### Activity:
Copy each of the entries below faithfully, setting aside any pictures.

### Excerpted records:
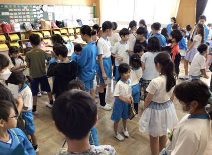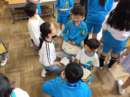 1年生の教室に6年生の子たちがきてくれました。
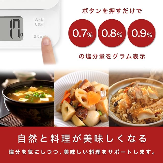 【料理の味付けに】食材の全体量に対してちょうどいい塩分量の目安がわかる!濃度は0.7、0.8、0.9%を設定できます。料理ごとに美味しい味付けが簡単にわかるから、自然と料理が上手になります。
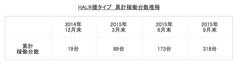 その結果、2つのHAL®腰タイプは、本年度上期に合計229台が新たに稼働を開始し、上期時点で通期予想の180台を大きく上回る結果となりましたので、ご報告いたします。本年9月末時点における累計稼働台数は318台となり順調に増加しております。
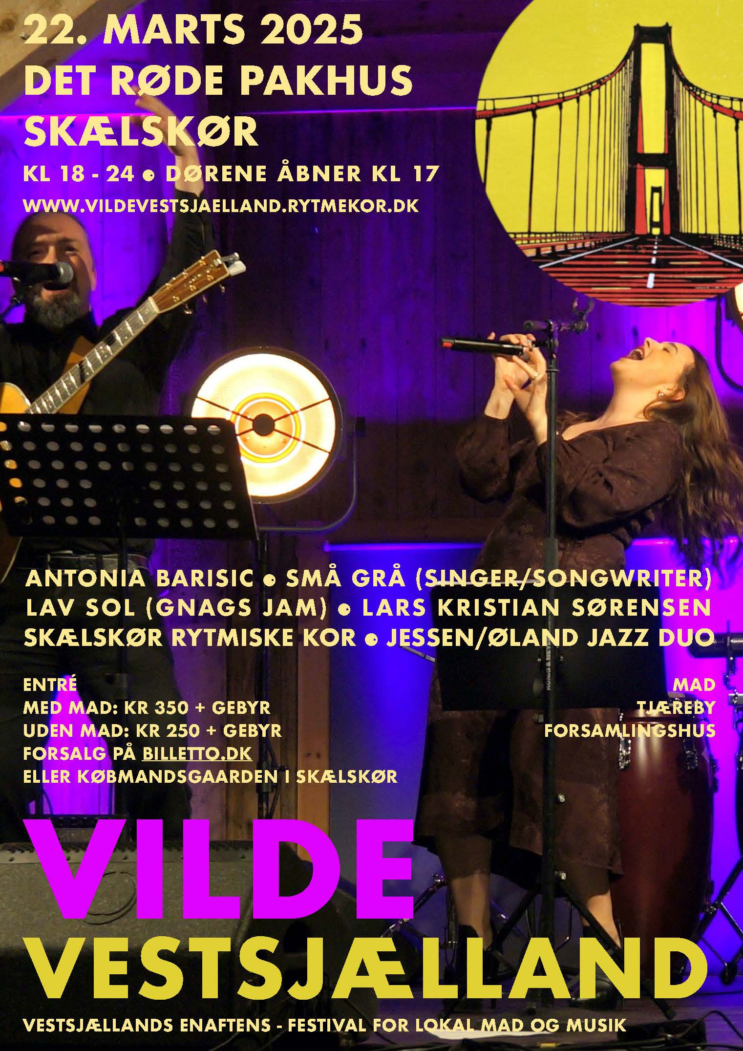 Vilde Vestsjælland Aftenen, hvor Skælskør mødes omkring mad, lokal rytmisk musik, sang og dans. + Tilføj til Google Kalender + iCal / Outlook-eksport Begivenheden er afsluttet. Dato 22. mar 2025 Udløbet! Tidspunkt 17:30 - 23:00 Kategori Dans o.lign. Musik Spisning Arrangør/Brugergruppe Skælskør Rytmiske Kor Del dette arrangement
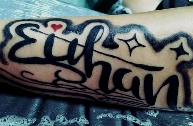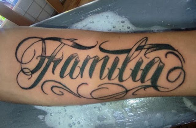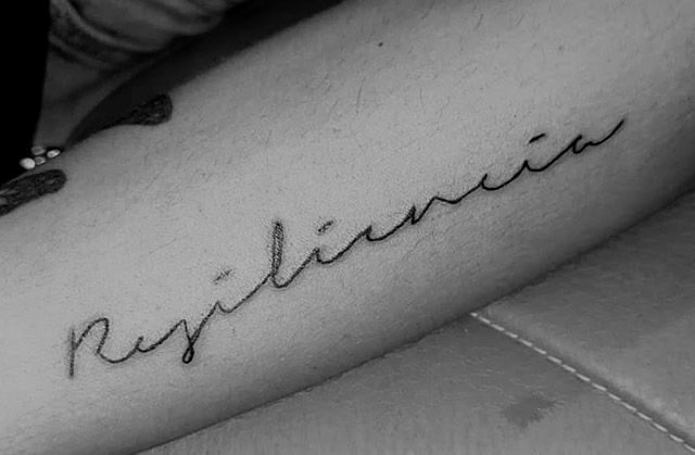 tatuajes de lettering personalizados, con fuentes tipográficas que expresan emociones, frases o nombres significativos. Trabajo desde estilos simples hasta diseños elaborados con sombreado o trazos decorativos.
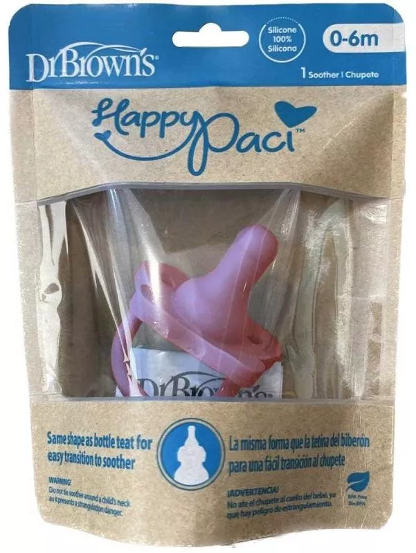 Dr. Brown’s Happy Paci Πιπίλα Σιλικόνης για 0+ μηνών, 1τμχ ροζ

### Result of the exercise:
 1年生の教室に6年生の子たちがきてくれました。
 【料理の味付けに】食材の全体量に対してちょうどいい塩分量の目安がわかる!濃度は0.7、0.8、0.9%を設定できます。料理ごとに美味しい味付けが簡単にわかるから、自然と料理が上手になります。
 その結果、2つのHAL®腰タイプは、本年度上期に合計229台が新たに稼働を開始し、上期時点で通期予想の180台を大きく上回る結果となりましたので、ご報告いたします。本年9月末時点における累計稼働台数は318台となり順調に増加しております。
 Vilde Vestsjælland Aftenen, hvor Skælskør mødes omkring mad, lokal rytmisk musik, sang og dans. + Tilføj til Google Kalender + iCal / Outlook-eksport Begivenheden er afsluttet. Dato 22. mar 2025 Udløbet! Tidspunkt 17:30 - 23:00 Kategori Dans o.lign. Musik Spisning Arrangør/Brugergruppe Skælskør Rytmiske Kor Del dette arrangement
 tatuajes de lettering personalizados, con fuentes tipográficas que expresan emociones, frases o nombres significativos. Trabajo desde estilos simples hasta diseños elaborados con sombreado o trazos decorativos.
 Dr. Brown’s Happy Paci Πιπίλα Σιλικόνης για 0+ μηνών, 1τμχ ροζ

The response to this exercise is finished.